The point was that most doctors are not generally basing advice on the latest research papers. Instead they consider recommendations from professional medical groups.

Statin Use for the Primary Prevention of Cardiovascular Disease in Adults: Preventive Medication, August 23, 2022
Adults aged 40 to 75 years who have 1 or more cardiovascular risk factors and an estimated 10-year cardiovascular disease (CVD) risk of 10% or greater.
Recommendation: prescribe a statin (Grade B).
“This recommendation replaces the 2016 USPSTF recommendation on statin use for the primary prevention of CVD and is generally consistent with that recommendation… The USPSTF reviewed 22 trials that reported on the benefits of statin use for primary prevention.

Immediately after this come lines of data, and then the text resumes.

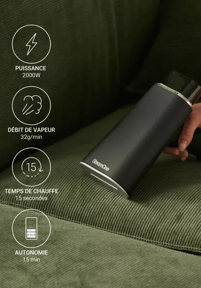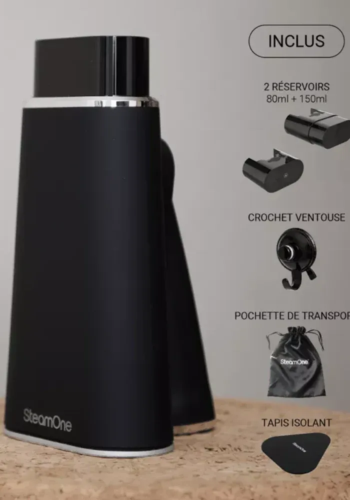Steamer portatif James Noir a une puissance de 2000 W et un réservoir de 150ml.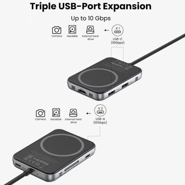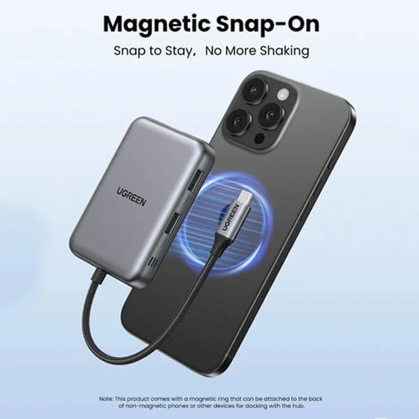 The Ugreen 7-in-1 Magnetic USB-C Hub is a revolutionary connectivity tool designed for professionals who value a clean and organized desk. Its unique Ugreen Magnetic Docking Station feature allows you to attach or detach the hub with ease, keeping your workspace minimalist.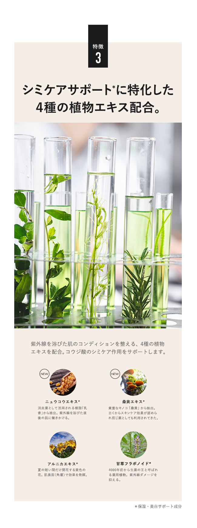 日本で唯一、シミ防止有効成分「コウジ酸」を配合した、薬用シミケア美容液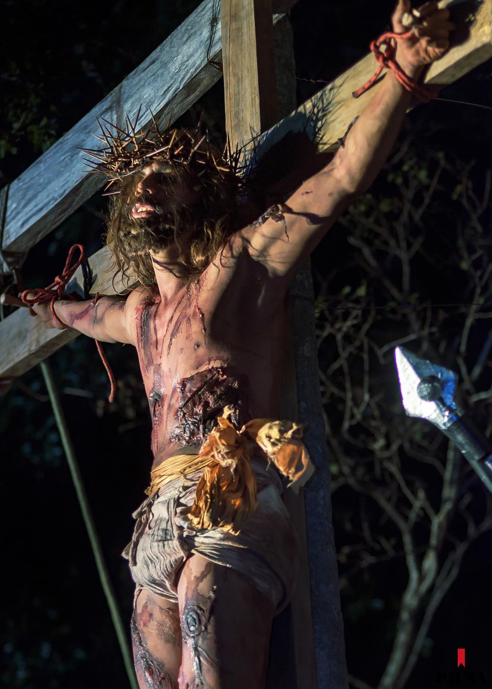 Ahí, en ese punto donde el esfuerzo físico se encuentra con la conmoción espiritual, la obra alcanza su cúspide. Al pie del cerro Yaguarón, bajo un cielo que ha visto pasar siglos, la crucifixión se despliega como un altar natural. “Producir el clímax de Kurusu rape es un ejercicio de humildad y respeto, cada año trabajamos con el desafío de montar la parte técnica (luces, sonido, interpretaciones) en un escenario natural, lo cual brinda a nuestros actores y al equipo de producción una experiencia que difícilmente se puede equiparar a la de otras puestas en escena”, afirma Luis Recalde.

Mean duration of follow-up was 3.3 years.”

The standards of care are formed by research. The standards of care are carefully followed. The standards of care are often wrong and changed.

Dad explained on one occasion going to the standards board with a protocol he formed for only one patient that would not be permissible as anyone else’s treatment. He legally had to get their ok.

Maybe??? Well, I guess it depends upon the purpose of looking for…..and presenting….. the statistics quoted.

The thread start was primarily intended to highlight just how easy it is to bamboozle the unwary via press releases etc (intentionally….or otherwise) …..and to suggest we’re all at risk of bamboozlement. I used the anti vaxx movement as an example because it is quite topical and likely to become more so given the recent changes to CDC policy. Cholesterol denialism and statin phobia are similarly ripe for such misrepresentation. Additionally….in case my intention was somewhat hazy….I was more focused on information that individuals use in personal decision making not how physicians gain their information.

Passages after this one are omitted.